I recently attended a science competition that my daughter had entered with her school team. While the program and competition are really neat, I couldn't believe the awards ceremony. Medals were awarded for fourth place, FOURTH PLACE. If that wasn't enough, ribbons were given to teams that earned 5th-11th place. Seriously?! 11th place?! I love my daughter and I love watching her compete; and while I am quite proud of her, I don't believe 11th place is worthy of celebrating with a ribbon...
We have been blessed with two beautiful, wonderful, super intelligent daughters. They are totally brag-worthy. They earn spots in many competitions. I believe I am developing an allergy to bees; spelling bees, geography bees, bee bees...

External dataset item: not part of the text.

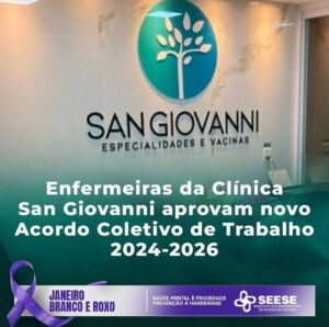 Em assembleia realizada no dia 7 de janeiro, na sede do Seese, a diretoria do sindicato reuniu-se com as enfermeiras da Clínica San Giovanni Especialidades e Vacinas para discutir e aprovar o Acordo Coletivo de Trabalho (ACT) para o período de 2024 a 2026.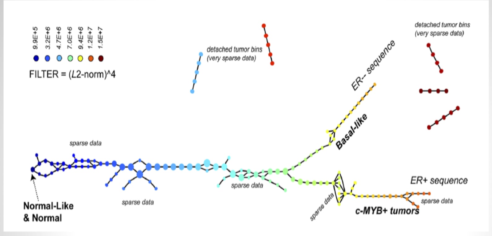 Figure 2 below shows a topological model of the patients in a study of breast cancer from the Netherlands Cancer Institute (NKI). The paper describing the work is here. The features are mRNA expression levels of 1500 genes in each patient, so the data matrix has 1500 columns. There were 272 patients in the study.

Between them our girls have pretty much earned just about every academic honor possible for elementary school children. At the end of the school year their elementary school hosts an awards ceremony. IT...IS...PAINFUL! Our then, 5th grader, earned the highest academic achievement award for EVERY category. She also broke some records and earned some significant honors. Instead of just calling her up once and listing her honors, she had to keep walking across the stage to receive her awards. Receiving the special recognition is fine for the most significant awards, however, that day the girls walked away with enough paper awards to wallpaper an entire bedroom. In my opinion that is WAY TOO MANY AWARDS. That day students were given an award for completing 25 Accelerated Reading points. To put it into perspective our daughter earned over 600 AR points (100 points is expected of 5th graders). An award for completing 25 points is saying "Congratulations, you read significantly less than expected of you."
So what is wrong with giving an 11th place ribbon or an award for completing 25% of what was expected? Quite a bit. I've been noticing it more and more with my first-year college students. They turn in a paper that is not even close to the requirements laid out for them in a rubric and act shocked when they don't receive an "A" grade. They seriously don't understand why I have graded them so harshly, clearly I don't know what I'm doing; After all, they've never received such a low grade on a paper before (C's = F's in their minds). It is at that point I remind them that they've never been to college before and then show them where I had grace with their papers.
We're raising a generation of people who are entitled and ok with doing the minimum work but expecting the highest honor. They are essentially mediocre students that believe they are far above mediocracy. How can we blame them when we've given them awards for 2nd to last place and for doing 25% of what's expected of them?
I'm not saying abolish all awards, excellence should be rewarded, but too many gold stars diminish the value of the star. Giving students awards for mediocre work creates students who are ok with being mediocre instead of striving to be and do better and, at the end of the day, we all lose from that.